Now that I can detach and see it for what it was, I can see that she had a very unfulfilled need for approval and that her core issue was with her father and needing his approval. When he died, I got those needs transferred to me and I simply could not be her father. Subconsciously she was asking me to give her that validation as a daughter and I was behaving like a husband.
Nobody could do that and nobody could fill that need.
Combine that with some projection, turning 39 and an overly demanding job, and you have a recipe for disaster and slowly festering resentment.
I stopped loving the ex when she announced that she was “in love” with someone a few weeks after the divorce was settled.

But as I said to my ex once “if you see the woman I married, tell her I miss her.”


----------



## sammy3

I still love my husband but no longer in love with him. An affair (his))changes the heart.((mine)) He's worked on himself a lot, has become a better person, but he also has shown sides of himself I dont like either with these new changes. Cant explain it, but I liked some of his old "anal" ((no violence or weirdness)) ways that are no longer... he's not the same person I married ....all the real bonding that we had over a life time had been broken in a second ... 

~sammy


----------



## TroyN

She was verbally abusive, bi-polar, and possibly had Borderline Personality Disorder. She has a mask that she needs to wear to get what she wants, and I was fooled.

I loved her too much and got no love in return, so I ended it. I didn't want to, and she didn't want to divorce, but I really had no choice. 

I'm with someone new now, who I feel really does love me, but the heartbreak still lingers at times. 

It's really hard to let go when you are empathetic and have the ability to love.


----------



## grays

Hopeful Cynic said:


> For me, it turned out I was in love with the person I thought my ex was


Me, too. I loved who I thought he was and I loved the relationship I thought we had, but when I found out that he had been involved with someone else for years and that he had not felt the way I thought he had for years before that I turned off to him completely. I almost don't have any feelings about him at all because I feel like the person I loved was a figment of my imagination and didn't exist at all in reality. When I look at him now I only see a stranger, and not a lovable one.

I didn't feel like I fell out of love but more like I had never actually been in love with him because it was all just false, not what I thought it was. In a lot of ways I feel like I was robbed of 25 years because none of my memories are what I thought they were.


----------



## sammy3

grays said:


> Me, too. I loved who I thought he was and I loved the relationship I thought we had, but when I found out that he had been involved with someone else for years and that he had not felt the way I thought he had for years before that I turned off to him completely.
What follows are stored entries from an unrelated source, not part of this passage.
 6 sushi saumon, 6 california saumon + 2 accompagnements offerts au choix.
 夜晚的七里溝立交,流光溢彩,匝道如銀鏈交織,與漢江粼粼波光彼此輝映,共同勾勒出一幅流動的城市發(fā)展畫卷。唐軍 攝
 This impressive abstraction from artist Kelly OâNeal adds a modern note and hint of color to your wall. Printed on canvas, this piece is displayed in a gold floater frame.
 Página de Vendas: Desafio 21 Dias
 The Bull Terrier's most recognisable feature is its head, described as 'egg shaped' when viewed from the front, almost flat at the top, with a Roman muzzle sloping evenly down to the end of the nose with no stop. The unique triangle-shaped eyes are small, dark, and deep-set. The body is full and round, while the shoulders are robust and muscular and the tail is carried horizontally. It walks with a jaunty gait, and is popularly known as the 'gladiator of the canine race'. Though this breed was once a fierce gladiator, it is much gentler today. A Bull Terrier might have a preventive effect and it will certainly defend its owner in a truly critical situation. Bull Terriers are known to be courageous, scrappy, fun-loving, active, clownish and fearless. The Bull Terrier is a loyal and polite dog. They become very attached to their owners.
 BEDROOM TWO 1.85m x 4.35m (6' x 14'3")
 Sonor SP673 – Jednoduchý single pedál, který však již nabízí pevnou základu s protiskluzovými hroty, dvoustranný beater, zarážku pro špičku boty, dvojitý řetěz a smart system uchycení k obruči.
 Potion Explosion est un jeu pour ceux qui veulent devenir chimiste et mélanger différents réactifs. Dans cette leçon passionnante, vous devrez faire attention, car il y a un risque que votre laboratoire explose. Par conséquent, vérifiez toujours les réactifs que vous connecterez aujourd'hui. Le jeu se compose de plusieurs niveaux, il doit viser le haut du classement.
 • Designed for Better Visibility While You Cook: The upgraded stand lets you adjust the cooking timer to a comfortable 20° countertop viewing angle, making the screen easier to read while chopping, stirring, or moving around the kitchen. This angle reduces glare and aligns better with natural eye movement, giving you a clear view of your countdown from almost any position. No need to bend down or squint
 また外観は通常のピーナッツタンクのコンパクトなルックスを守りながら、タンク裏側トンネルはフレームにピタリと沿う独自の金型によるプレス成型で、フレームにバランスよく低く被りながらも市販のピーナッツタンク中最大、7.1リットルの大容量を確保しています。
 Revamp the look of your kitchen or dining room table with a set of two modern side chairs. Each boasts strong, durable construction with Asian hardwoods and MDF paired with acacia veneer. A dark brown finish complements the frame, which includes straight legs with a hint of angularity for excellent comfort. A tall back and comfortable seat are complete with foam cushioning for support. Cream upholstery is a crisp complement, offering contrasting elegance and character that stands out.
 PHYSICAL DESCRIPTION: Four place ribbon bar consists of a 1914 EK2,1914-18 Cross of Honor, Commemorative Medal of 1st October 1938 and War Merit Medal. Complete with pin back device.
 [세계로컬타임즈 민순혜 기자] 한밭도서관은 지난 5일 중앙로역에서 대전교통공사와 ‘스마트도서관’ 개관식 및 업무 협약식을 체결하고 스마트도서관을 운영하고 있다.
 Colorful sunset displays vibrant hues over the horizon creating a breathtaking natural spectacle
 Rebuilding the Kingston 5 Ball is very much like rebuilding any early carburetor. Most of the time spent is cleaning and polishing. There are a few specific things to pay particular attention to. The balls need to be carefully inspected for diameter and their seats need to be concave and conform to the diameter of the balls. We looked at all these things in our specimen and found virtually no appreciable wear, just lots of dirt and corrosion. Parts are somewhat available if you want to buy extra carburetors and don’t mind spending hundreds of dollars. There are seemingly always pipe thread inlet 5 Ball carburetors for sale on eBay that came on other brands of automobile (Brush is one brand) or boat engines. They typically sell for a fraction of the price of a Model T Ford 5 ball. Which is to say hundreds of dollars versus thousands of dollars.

I almost don't have any feelings about him at all because I feel like the person I loved was a figment of my imagination and didn't exist at all in reality. When I look at him now I only see a stranger, and not a lovable one.
> 
> I didn't feel like I fell out of love but more like I had never actually been in love with him because it was all just false, not what I thought it was. In a lot of ways I feel like I was robbed of 25 years because none of my memories are what I thought they were.



I know for me, I look back on my whole marriage and wonder now. too, if the memories are what I thought they were. Him being an airline pilot he had many many years and chances to cheat. When I ask has he in the past,? the answer is always no, I never doubted before, but I never thought held cheat ever in the first place either. 

~sammy


----------